Как на «Ретивом», – подумала я и невольно поежилась.
Должно быть, Эрвин угадал мои мысли, потому что еще крепче обнял меня. А потом сказал вдруг:
– Странные мысли приходят мне в голову на этом корабле. Так и тянет скинуть плащ, развернуть крылья, и наплевать, знает кто о моем увечье или нет… Крылья… – повторил он и нерадостно усмехнулся. – Одно крыло. С одним не взлетишь, если только с верхушки башни – раз, и вниз.

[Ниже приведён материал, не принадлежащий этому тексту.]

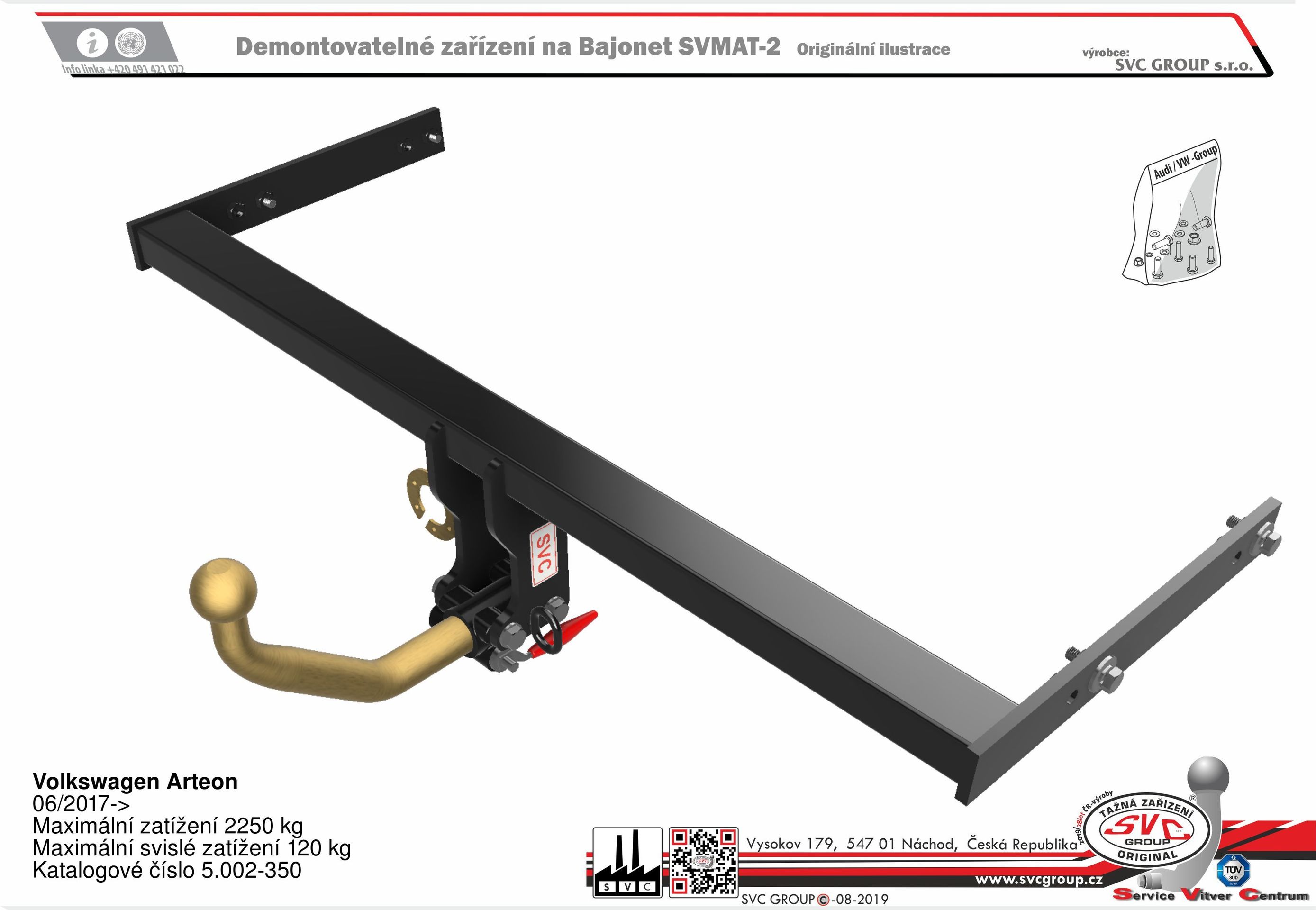 Tažné SVC pro Volkswagen Arteon Včetně 4-Motion (pohon kol-4x4) a ade blue a bez kontaktní otevíraní zadních dveří rok výroby 06/2017-> součástí dodávky jsou držáky anténního zesilovače pro případné použíti.

И делу конец…
За спиной гулко бабахнуло, и в темном вечернем небе распустился огненный цветок, а за ним взмыл ввысь извивающийся зверь – не то морской змей, не то какое-то сказочное чудовище, – закрутился колесом и рассыпался искрами. Потом были еще огненные фонтаны, бившие, казалось, со дна моря, какие-то мерцающие облака, но меня они не радовали.
– Вспоминаешь праздник на «Ретивом»? – спросил вдруг Эрвин, и я кивнула. – Я так и подумал. Идем лучше в каюту, не хочу я смотреть на это. Красиво, а радости никакой…
Каюта была невелика, но и на том спасибо: всех гостей так разместить не вышло бы, и многие ночевали на палубе, в шатрах. Впрочем, вряд ли кто-то собирался спать сегодняшней ночью: веселые выкрики и песни говорили сами за себя.
«Я тоже не собираюсь спать», – подумала я, освобождая Эрвина от неизменного плаща. И от камзола, и… нет, рубашку пришлось оставить, не то и я обзавелась бы ожогами по всему телу!
– Мы же договорились, Марлин! – попытался он отстраниться, но я оказалась сильнее.
Иллюминатор был открыт, и морской ветер доносил соленые брызги – они приятно остужали разгоряченную кожу: мне было жарко и от желания, и от неловкости. Со стороны же, наверно, это действо выглядело вовсе уж смешно и нелепо, но подсматривать за нами было некому, и на том спасибо! А услышать нас вряд ли могли: на палубе веселились так, что корабль раскачивался поперек волны… хотя, возможно, мне это просто показалось.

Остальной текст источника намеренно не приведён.